=== Exercise ===
Please print exactly the lines below, from the start of the material up to and including the line with "栄 エルメス ロゴ ネクタイ", but none of the pictures.

=== Materials provided ===

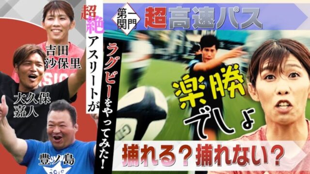 【吉田沙保里 大久保嘉人 豊ノ島】超絶アスリートがラグビーをやってみた! 第一関門 捕れる?捕れない?ラグビーの基本スクリューパス
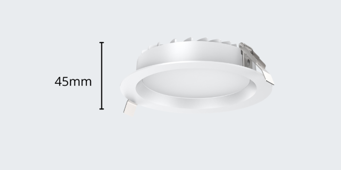 Avec une hauteur totale réduite à seulement 45 mm, ces downlights LED sont spécialement conçus pour les installations à faible plénum et les plafonds avec espace technique limité.
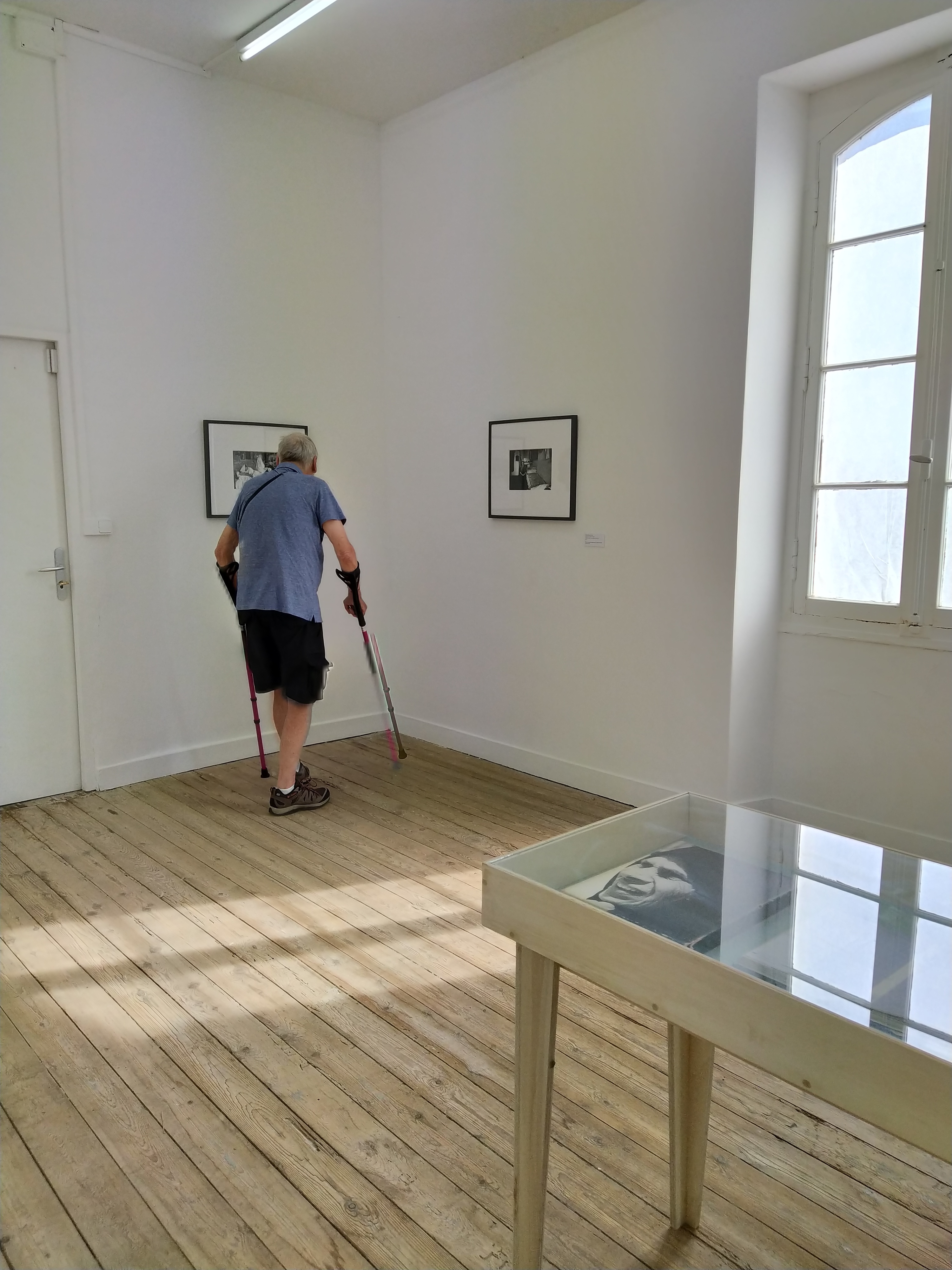 Over paninis in a nearby cafe (I had to ring and cancel our lunch booking at a fish restaurant as we were too far away to arrive in time) we regrouped and discovered we were by a stop for a bus that would get us almost back to the gallery we wanted to visit. With his two crutches, himself was treated politely by the bus passengers and a seat was quickly vacated. A short walk to the Chateau d’eau where we were both given free entry despite owning up to having no paperwork to support his handicap (a result of no given diagnosis).
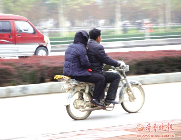 21日,两名市民身着冬装骑车行驶在泰山大街上。21日泰安最高气温下降了7度左右,预计22日泰城最低气温在9℃左右。
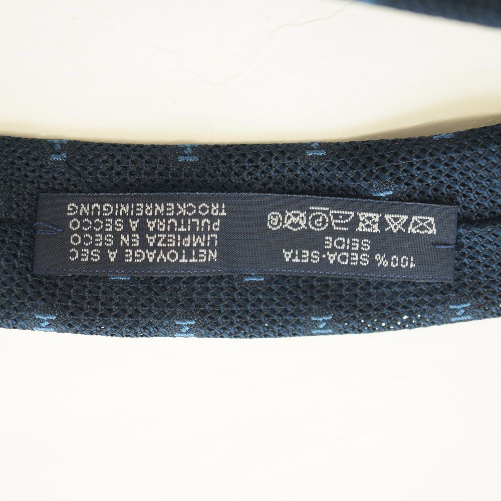 栄 エルメス ロゴ ネクタイ シルク 総柄 ネイビー ブルー 青 大剣幅約7 cm 小物 その他 箱
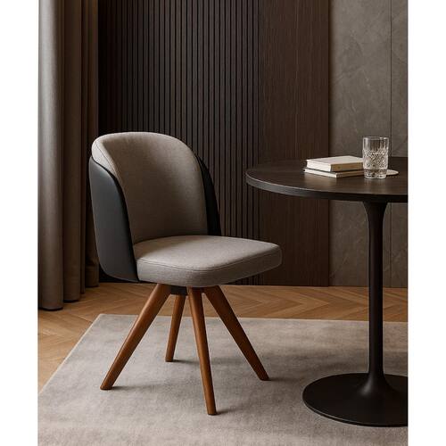 Cadeira Giratória em Madeira Maciça CorMel Luma - Exclusiva Linho Cinza - Características Gerais do Produto: • Altura: 89 cm • Madeira: Eucalipto • Tipo de Produto: Cadeira giratória • Largura: 56 cm • Profundidade: 60 cm • Assento: Giratório • Peso Suportado: 120 kg • Material da Base: Madeira Maciça • Cor da base: CorMel • Tecido do Revestimento: Linho cinza com Courino Durango Preto • Ideal Para: Salas de Jantar, Recepções Garantia: • 3 meses
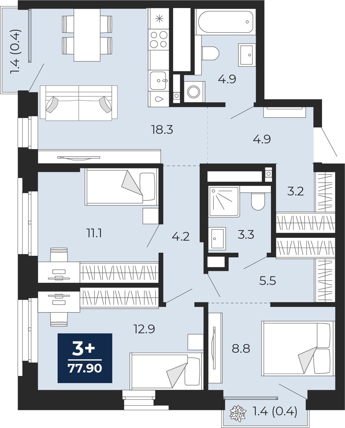 77.9 м2
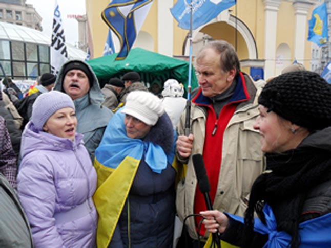 J.Pelionis pasakojo, kad protestuotojų minia buvo tokia tiršta, ypač – sekmadienį, kad buvo sunku judėti iš vienos vietos į kitą. „Atsiskyręs nuo saviškių būrio, vėl jų nepasieksi – žmonių pilna, kaip bažnyčioje per atlaidus. Tik pasitraukus vienam žmogui, gali stoti į jo vietą, o toliau – nė žingsnio,- pasakojo J.Pelionis. – Nuo scenos nuolat girdisi kalbos, koncertai. Teko ir mūsų, maždaug 30 žmonių grupei, atvykusiai iš Lietuvos, pasveikinti protestuotojus nuo scenos, išreikšti jiems palaikymą. Stovėjome šalia „Eurovizijos“ konkurso nugalėtojos Ruslanos, kuri sugiedojo Ukrainos himną. Ruslana aktyviai remia protestuotojus ir sako kalbas, koncertuoja. Mačiau, kad minioje daug kitų šalių vėliavų – ne tik iš Europos šalių, bet ir JAV, Kanados. Turbūt būtų lengviau pasakyti, kokios šalies vėliavos nebuvo.“
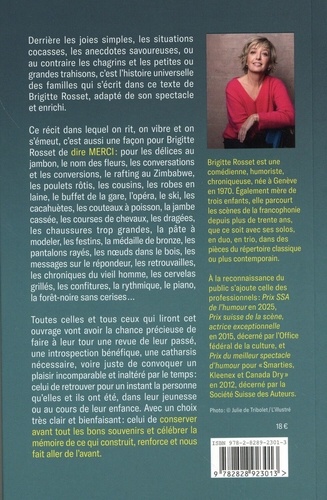 Derrière les joies simples, les situations cocasses, les anecdotes savoureuses, ou au contraire les chagrins et les petites ou grandes trahisons, c'est l'histoire universelle des familles qui s'écrit dans ce texte de Brigitte Rosset, adapté de son spectacle et enrichi. Ce récit dans lequel on rit, on vibre et on s'émeut, c'est aussi une façon pour Brigitte Rosset de dire MERCI : pour les délices au jambon, le nom des fleurs, les conversations et les conversions, le rafting au Zimbabwe, les poulets rôtis, les cousins, les robes en laine, le buffet de la gare, l'opéra, le ski, les cacahuètes, les couteaux à poisson, la jambe cassée, les courses de chevaux, les dragées, les chaussures trop grandes, la pâte à modeler, les festins, la médaille de bronze, les pantalons rayés, les noeuds dans le bois, les messages sur le répondeur, les retrouvailles, les chroniques du vieil homme, les cervelas grillés, les confitures, la rythmique, le piano, la forêt-noire sans cerises... Toutes celles et tous ceux qui liront cet ouvrage vont avoir la chance précieuse de faire à leur tour une revue de leur passé, une introspection bénéfique, une catharsis nécessaire, voire juste de convoquer un plaisir incomparable et inaltéré par le temps : celui de retrouver pour un instant la personne qu'elles et ils ont été, dans leur jeunesse ou au cours de leur enfance. Avec un choix très clair et bienfaisant : celui de conserver avant tout les bons souvenirs et célébrer la mémoire de ce qui construit, renforce et nous fait aller de l'avant.
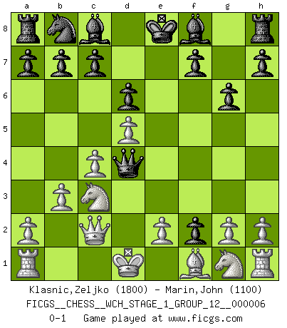 Last move : 0-1 2009 February 26 16:26:20 [Event "FICGS__CHESS__WCH_STAGE_1_GROUP_12__000006"] [Site "FICGS"] [Date "2009.02.03"] [Round "1"] [White "Klasnic,Zeljko"] [Black "Marin,John"] [Result "0-1"] [WhiteElo "1800"] [BlackElo "1100"] 1.b3 e5 2.Bb2 d6 3.d4 e4 4.d5 Nf6 5.c4 g6 6.Qc2 e3 7.Bxf6 exf2+ 8.Kd1 Qxf6 9.Nc3 Qd4+ 0-1 Nimzovich-Larsen attack : Modern variation Player Black won this chess game. Follow this game move after move (download)The passed pawn is a criminal, who should be kept under lock and key. Mild measures, such as police surveillance, are not sufficient. (Nimzovitch) Ich hatte meine größten Erfolge, als ich 47 Jahre alt war. Kasparow war noch nicht mal 42 und hat das Schach schon im Stich gelassen. (Viktor Kortschnoi) Fischer deseaba darle a los Rusos una sopa de su propia medicina. (Larry Evans) Mon pion favori sur ma case favorite ! Bronstein en parlant d'un coup de pion en h5 quand il avait les Noirs. The Internet is the first thing that humanity has build that humanity doesn't understand, the largest experiment in anarchy that we have ever had. (Eric Schmidt)
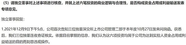 独董回复称:“2月9日下午5点,公司首次告知三位独董深交所上市公司管理二部于本年度10月27日发来问询函。获悉后,我们三位独董连夜查证核实。依据目前掌握的信息,我们认为这六项投资均属于公司为达到实控人资金占用或利益输送的目的而刻意违规操作。”
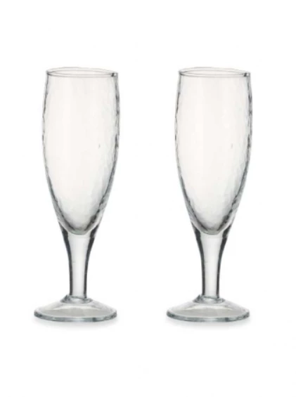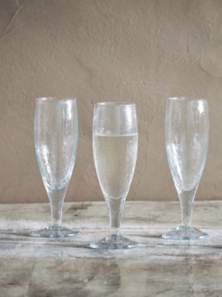 Celebrate in style, with our clear glass Yala Champagne Glasses. This elegant champagne flute has a timeless quality, enhanced by its organic hammered finish skilfully crafted using traditional tools. Perfect for celebrations or drinks with friends. We use recycled glass to make these collections. Firstly, the waste glass is collected and washed to remove any impurities; it ms then crushed and melted down before being hand blown or placed in moulds to create beautiful new products. Dimensions: 19 x 6 x 6cm Capacity: 200ml Material: Recycled Glass Care: Dishwasher Safe. sold separately
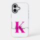 Hot Pink Black Initial Name Monogrammed iPhone 16 Case
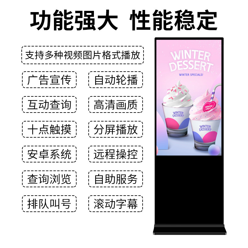 產品詳細介紹1)超薄機身4.5cm, 3cm超窄邊框,鋁合金烤漆工藝。正面采用4mm的鋼化玻璃,防刮,防爆 2)無按鍵設計,結合機身散熱部位,設計密集多網孔,散熱降溫效果好!網孔內設置了防塵網,達到很好的防塵效果 3)LG液晶屏,高清顯示,色彩亮麗,畫質清晰 4)安卓版跟網絡版兩種主板可供選擇 5)一線大牌的觸控技術,反應靈敏,無斷點,穩定性強 6)采用最新的LED顯像技術,功耗低至100W,節能環保,經濟實惠 7)質保一年,全國聯保,終生免費提供售后及技術支持

=== Completed task ===
 【吉田沙保里 大久保嘉人 豊ノ島】超絶アスリートがラグビーをやってみた! 第一関門 捕れる?捕れない?ラグビーの基本スクリューパス
 Avec une hauteur totale réduite à seulement 45 mm, ces downlights LED sont spécialement conçus pour les installations à faible plénum et les plafonds avec espace technique limité.
 Over paninis in a nearby cafe (I had to ring and cancel our lunch booking at a fish restaurant as we were too far away to arrive in time) we regrouped and discovered we were by a stop for a bus that would get us almost back to the gallery we wanted to visit. With his two crutches, himself was treated politely by the bus passengers and a seat was quickly vacated. A short walk to the Chateau d’eau where we were both given free entry despite owning up to having no paperwork to support his handicap (a result of no given diagnosis).
 21日,两名市民身着冬装骑车行驶在泰山大街上。21日泰安最高气温下降了7度左右,预计22日泰城最低气温在9℃左右。
 栄 エルメス ロゴ ネクタイ シルク 総柄 ネイビー ブルー 青 大剣幅約7 cm 小物 その他 箱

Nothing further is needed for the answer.